*Task goal*. Copy each line of the data below exactly, leaving out pictures.

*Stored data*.
= Beginning of Section =

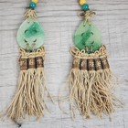 Estate Vintage Chinese Carved Green Jade Coral Beaded Tassel Ornament
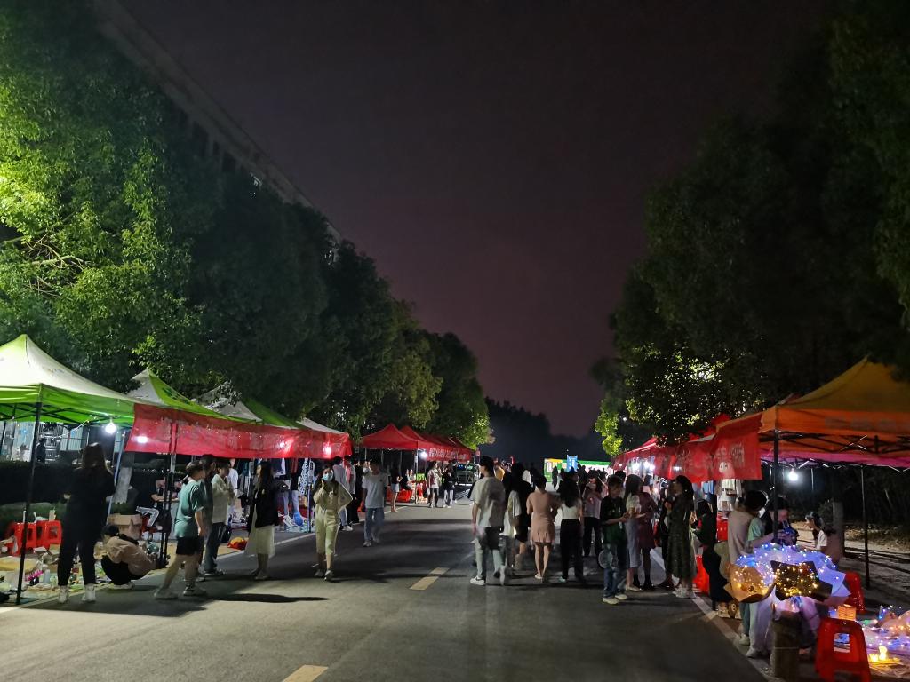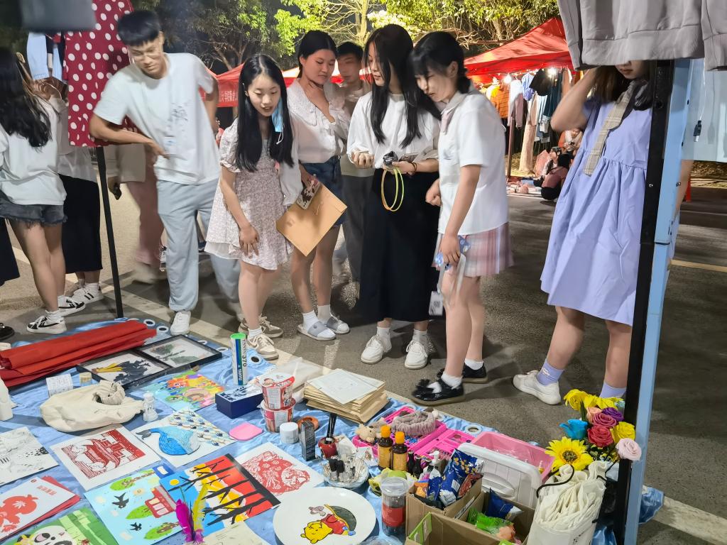 5月5日,学生公寓2号楼门口格外热闹,22个帐篷下挂着彩灯。现场有摊主的吆喝声、有捐赠同学登记的身影、有为残障儿童义卖筹集善款的学生干部、也有买主购物的欢乐声......
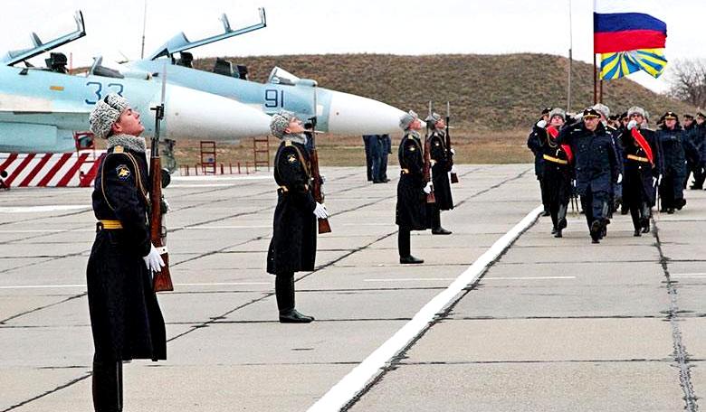 Год назад наши ВВС и ПВО на полуострове представляли лишь достаточно хилые силы Черноморского флота. Из ударных средств – всего 18 фронтовых бомбардировщиков Су-24 и 4 тактических самолёта-разведчика Су-24МР 43-го отдельного морского штурмового авиаполка (аэродром Гвардейское под Симферополем). А воздушному противнику должны были противостоять 18 стареньких комплексов ПВО «Оса-АКМ» 1096-го зенитно-ракетного полка, который входил в состав 810-й отдельной бригады морской пехоты.
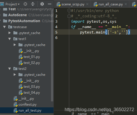if __name__ == "__main__":pytest.main(['-s',''])"C:\Program Files\Python35\python.exe" C:/Users/wangli/PycharmProjects/PytestAutomation/testcase/run_all_test.py
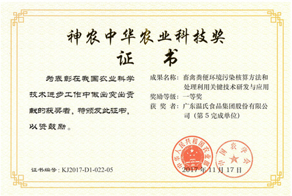 神农中华农业科技奖一等奖-尊龙凯时股份《畜禽粪便情形污染核算要领和处置惩罚使用要害手艺研究与应用》

= End of Section =

*Response area*.
 Estate Vintage Chinese Carved Green Jade Coral Beaded Tassel Ornament
 5月5日,学生公寓2号楼门口格外热闹,22个帐篷下挂着彩灯。现场有摊主的吆喝声、有捐赠同学登记的身影、有为残障儿童义卖筹集善款的学生干部、也有买主购物的欢乐声......
 Год назад наши ВВС и ПВО на полуострове представляли лишь достаточно хилые силы Черноморского флота. Из ударных средств – всего 18 фронтовых бомбардировщиков Су-24 и 4 тактических самолёта-разведчика Су-24МР 43-го отдельного морского штурмового авиаполка (аэродром Гвардейское под Симферополем). А воздушному противнику должны были противостоять 18 стареньких комплексов ПВО «Оса-АКМ» 1096-го зенитно-ракетного полка, который входил в состав 810-й отдельной бригады морской пехоты.
if __name__ == "__main__":pytest.main(['-s',''])"C:\Program Files\Python35\python.exe" C:/Users/wangli/PycharmProjects/PytestAutomation/testcase/run_all_test.py
 神农中华农业科技奖一等奖-尊龙凯时股份《畜禽粪便情形污染核算要领和处置惩罚使用要害手艺研究与应用》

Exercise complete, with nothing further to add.